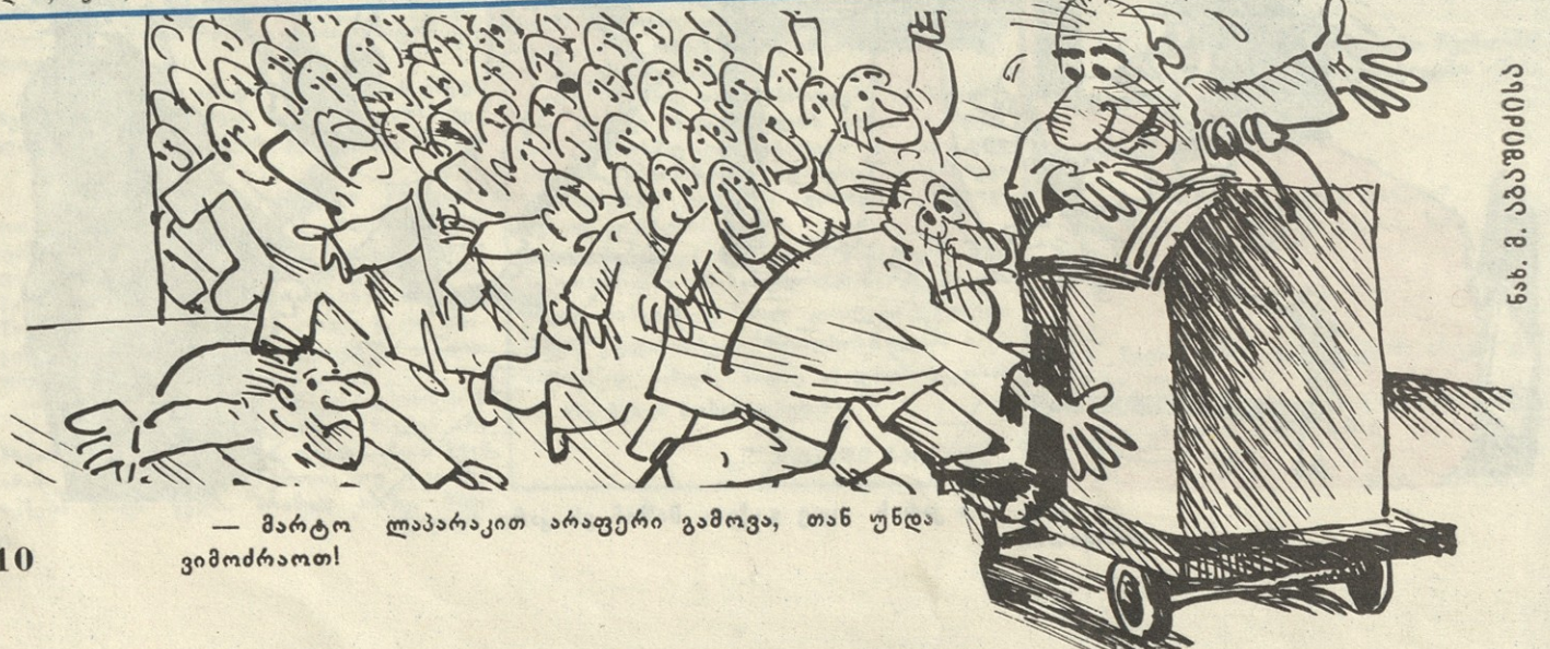
— მარტო ლაპარაკით არაფერი გამოვა, თან უნდა ვიმობრაოთ!
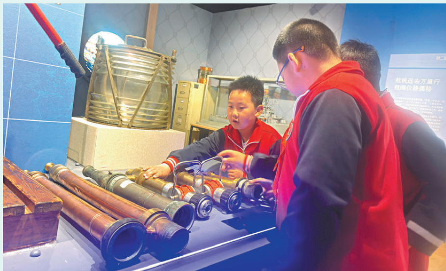
●小學師生參觀展覽，在體驗中學習航海知識。
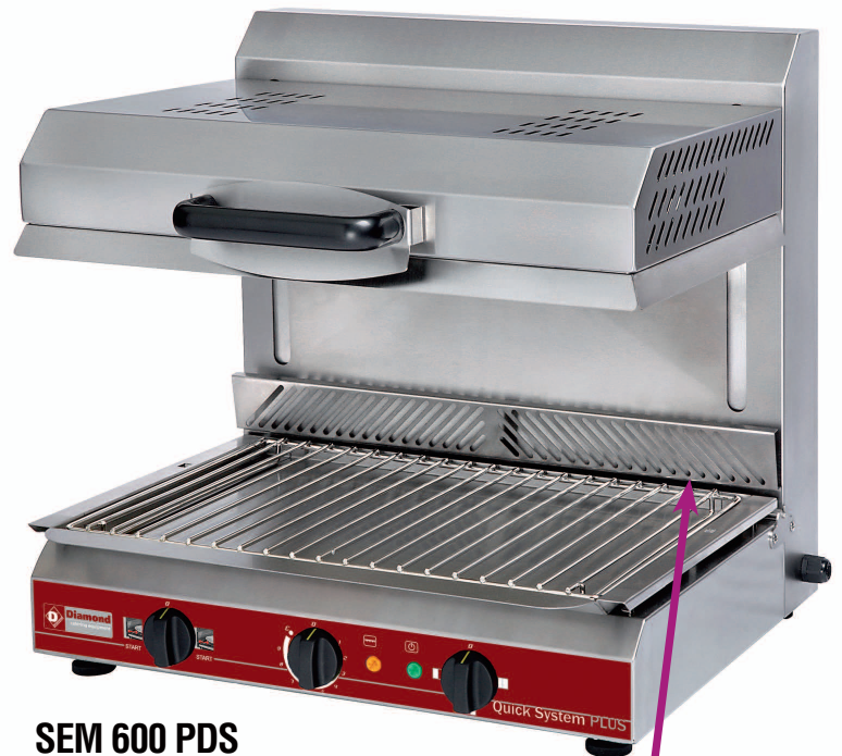
SEM 600 PDS

PDS (PLATE DETECTION SYSTEM) Mise en chauffe instantanée par contact Instant heatup through bar contact

::::::::::

THE PROBLEM :: An exact copy of the lines from the one containing "SEM 600 PDS" through the last line of the material, both included, is to be printed, and nothing else.

YOUR RESPONSE ::
SEM 600 PDS

PDS (PLATE DETECTION SYSTEM) Mise en chauffe instantanée par contact Instant heatup through bar contact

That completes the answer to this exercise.